8 · Of the phenomena which occur in the water-clock the cause seems to be in general that ascribed by Anaxagoras; for the air which is cut off within it is the [10] cause of the water not entering when the tube has been closed. The air, however, by itself is not the cause; for if one plunges the water-clock obliquely into the water, having first blocked up the tube, the water will enter. So Anaxagoras does not adequately explain how the air is the cause; though, as has been said, it certainly is [15] the cause. Now air, whether impelled along or travelling of itself without any compelling force, naturally travels in a straight line like the other elements. When therefore the water-clock is plunged obliquely into the water, the air preserving its straight course is driven out by the water through the holes opposite to those which [20] are in the water, and, as it goes out, the water flows in.
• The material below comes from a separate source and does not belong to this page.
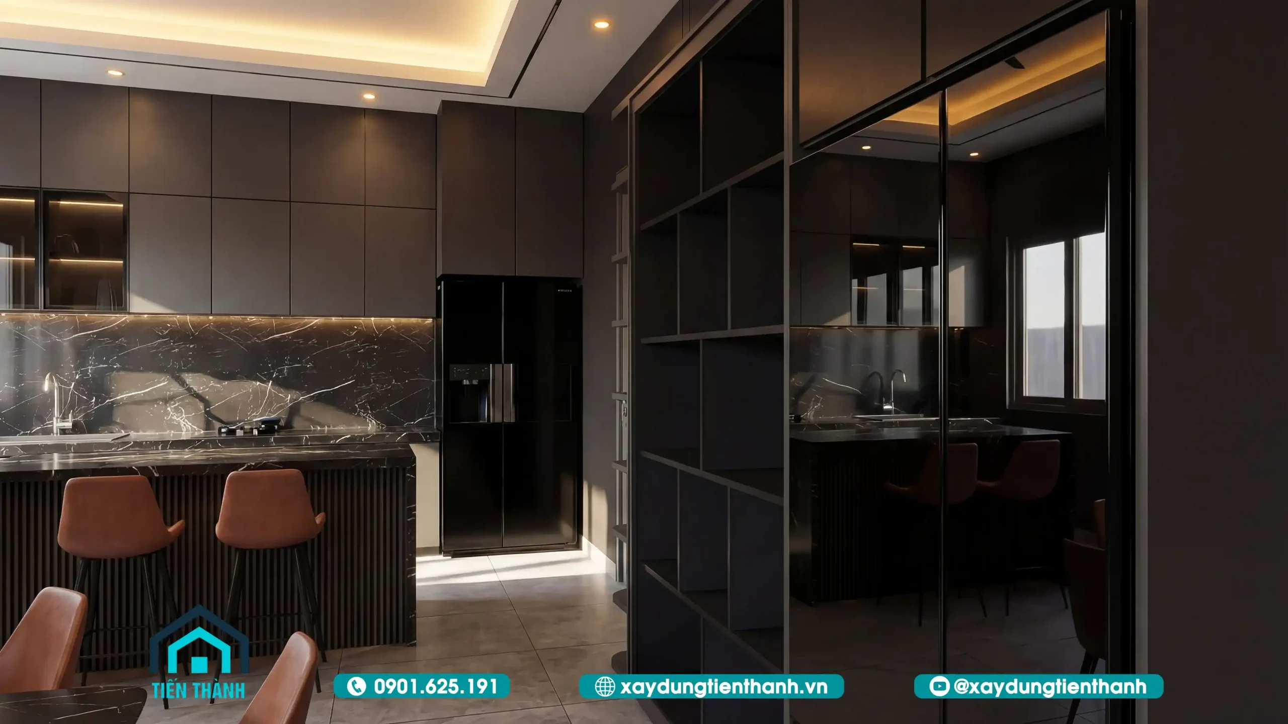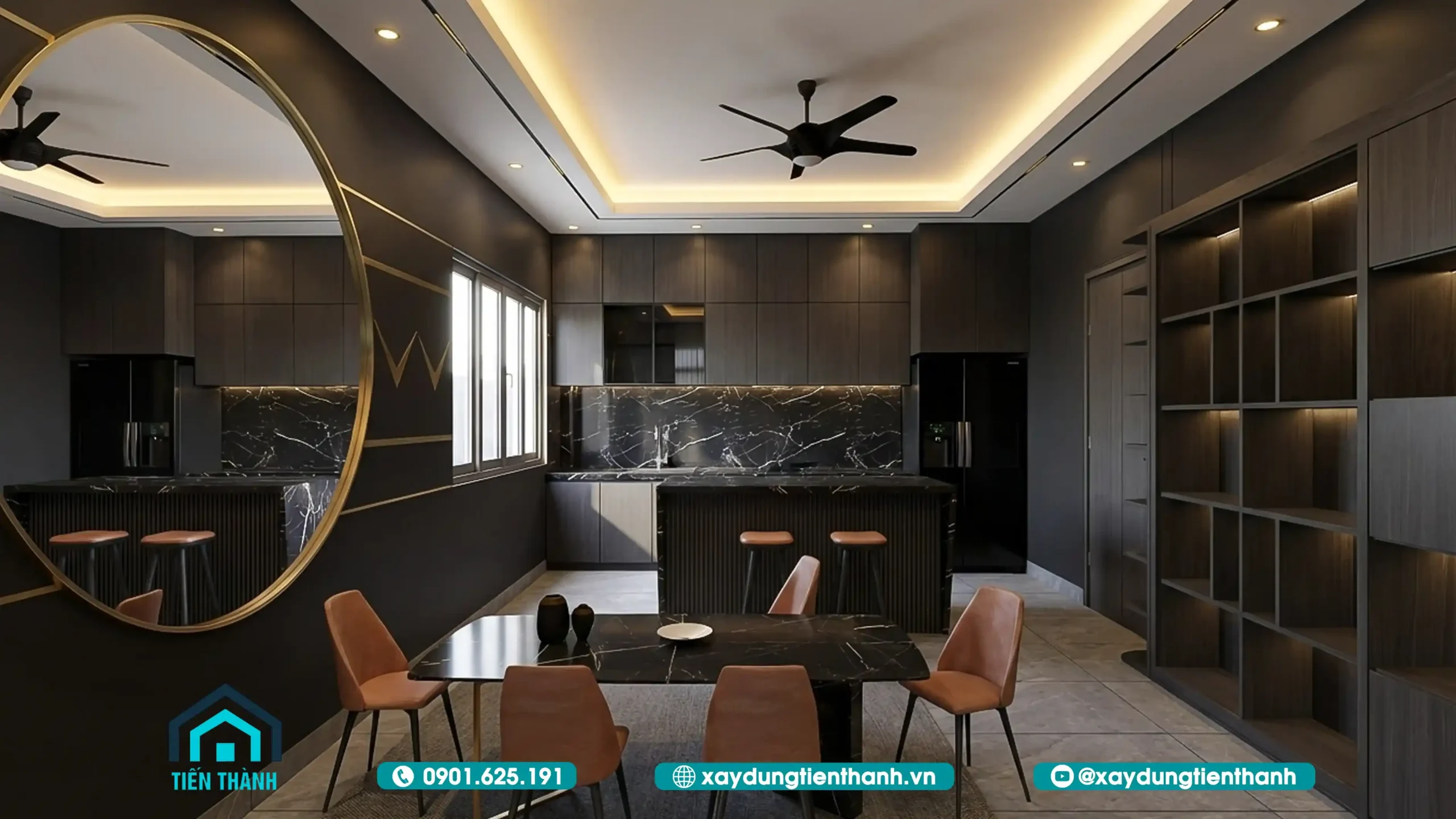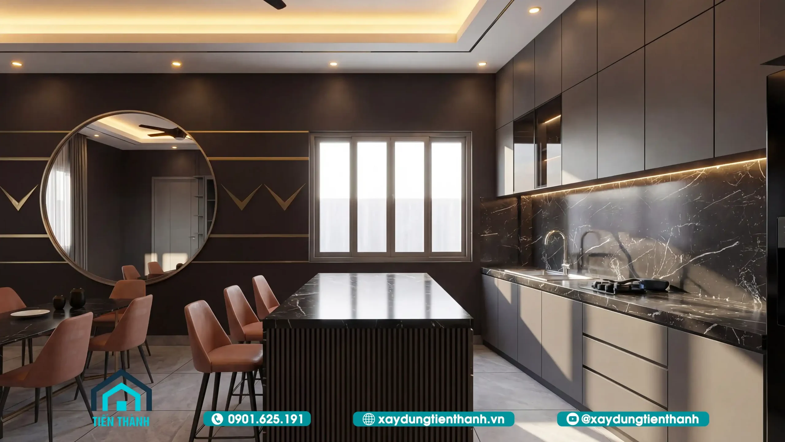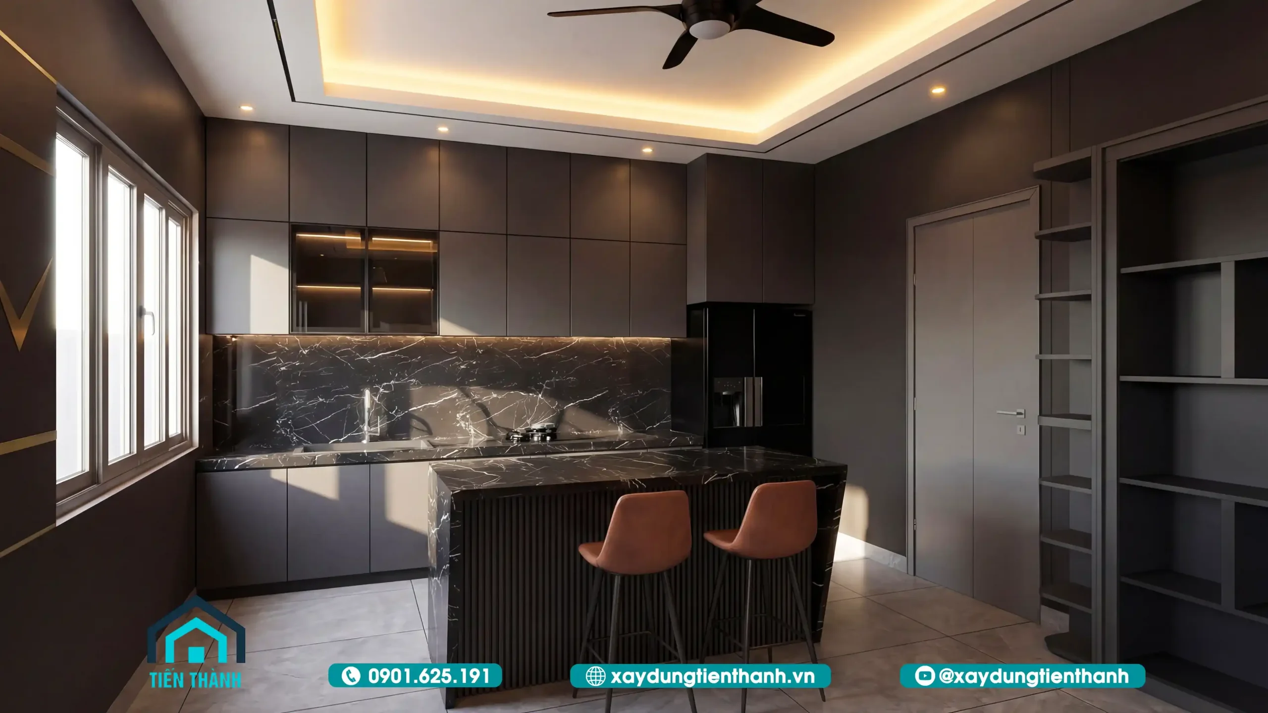 Hệ tủ bếp được làm từ gỗ công nghiệp cao cấp sơn phủ màu xám đen đồng bộ với tổng thể ngôi nhà. Mặt bếp và phần tường bếp được ốp đá Marble đen vân mây trắng tạo cảm giác sạch sẽ và cực kỳ sang trọng. Việc bố trí bàn đảo không chỉ tăng thêm diện tích chuẩn bị thực phẩm mà còn đóng vai trò như một quầy bar mini, nơi gia chủ có thể thưởng thức những ly rượu vang sau giờ làm việc.
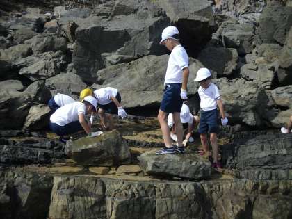 磯観察の様子です。ヤドカリやカニ,イソギンチャクやウニなどいろいろな海の生き物を見つけました。

But if the water-clock is plunged upright into the water, the air not being able to pass straight up, because the upper parts are closed, remains round the first holes; for it cannot contract into itself.9 The fact that the air can keep out the water by its immobility can be [25] illustrated by what happens with the water-clock itself. For if you fill the bulb itself of the water-clock with water, having stopped up the tube, and invert it with the tube downwards, the water does not flow along the tube to the outlet. And when the outlet is opened, it does not immediately flow out along the tube but only after a moment’s interval, since it is not already at the outlet of the tube but passes along it [30] afterwards, when it is opened. But when the water-clock is full and in an upright position, the water passes through the strainer as soon as ever the tube is opened, because it is in contact with the strainer, whereas it is not in contact with the extremities of the tube. The water does not, therefore, flow into the water-clock, for [35] the reason already mentioned, but flows out when the tube is opened because the air in it being set in motion up and down causes considerable movement10 in the water inside the water-clock. The water then, being thrust downwards and having itself
also a tendency in that direction, naturally flows out, forcing its way through the air [915a1] outside the water-clock, which is set in motion and is equal in force to the air which impels it but weaker than it in its power of resistance, because the interior air, since it passes through the tube, which is narrow, flows more quickly and violently and forces the water on. The reason why the water does not flow when the tube is closed [5] is that the water on entering into the water-clock drives the air forcibly out of it. (That this is so is shown by the breath and noise engendered in it.) As the water enters, driving the air forcibly along, it rushes into the tube itself, and11 like wedges of wood or bronze driven in by cleavage, remains in position without anything else to [10] hold it together, until it is expelled from the opposite direction, as pegs which are broken in wood are knocked out. This occurs when the tube is opened for the reasons already mentioned. If this is the reason, it is only natural that it should not flow out or make its way forth, since the air forcibly prevents it and becomes inflated.12 (The [15] noise which is made shows that the water is drawn up by the air, and this is a common phenomenon.) All the water then, being drawn up and being in itself continuous, remains in the same position under the pressure of the air, until it is thrust away again by it; and, since the first part of the water remains in the same position, the rest of the water is dependent from it in one continuous mass. It is only [20] natural that this should be so; for it is the property of the same thing to move something from its own place and to hold it when it has moved it,13 and to do so for a longer time, if that which holds and that which is held are of equal force, or if that which holds is stronger, as occurs in the present case; for air has greater force than water.